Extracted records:
______

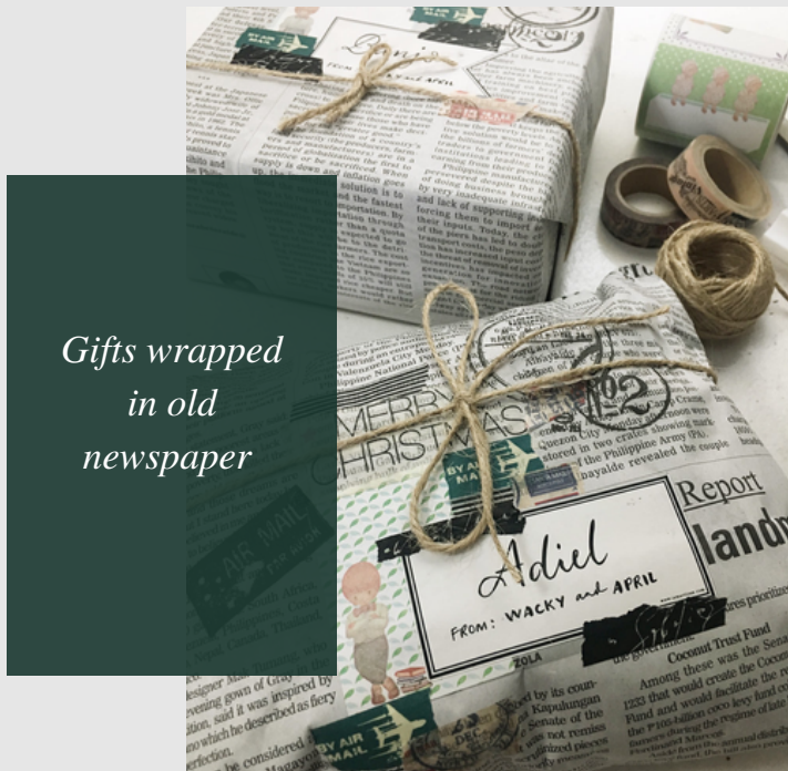
Gifts wrapped in old newspaper
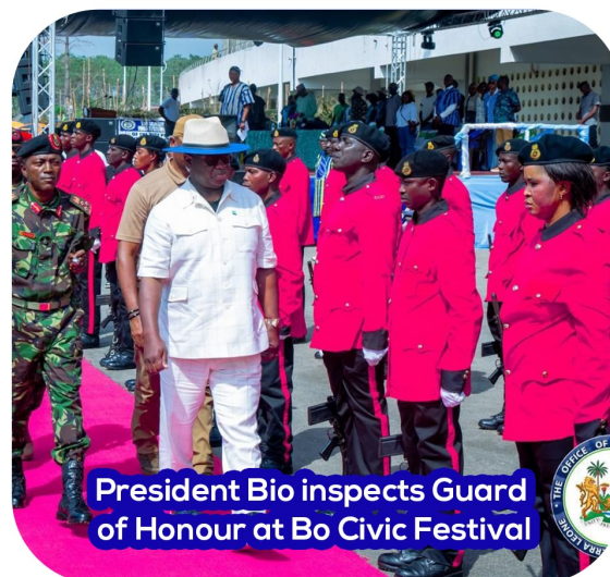
President Bio inspects Guard of Honour at Bo Civic Festival
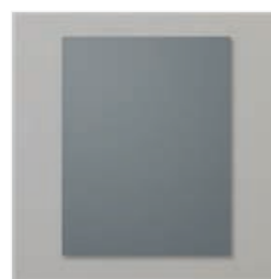
Basic Gray 8-1/2" X 11" Cardstock - 121044
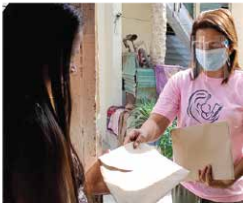
LitMoms delivering LitKits at Project PEARLS, Philippines
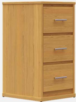
GL5B-3D Nightstand 18"d x 16.75"w x 30"h
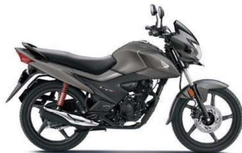
MATT CRUST METALLIC
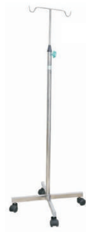
SS-HOSPITAL 2 HOOKS IV STAND (VEH-133)

______

Work request: The reply must hold each line of the records verbatim and no pictures.

Problem solution:
Gifts wrapped in old newspaper
President Bio inspects Guard of Honour at Bo Civic Festival
Basic Gray 8-1/2" X 11" Cardstock - 121044
LitMoms delivering LitKits at Project PEARLS, Philippines
GL5B-3D Nightstand 18"d x 16.75"w x 30"h
MATT CRUST METALLIC
SS-HOSPITAL 2 HOOKS IV STAND (VEH-133)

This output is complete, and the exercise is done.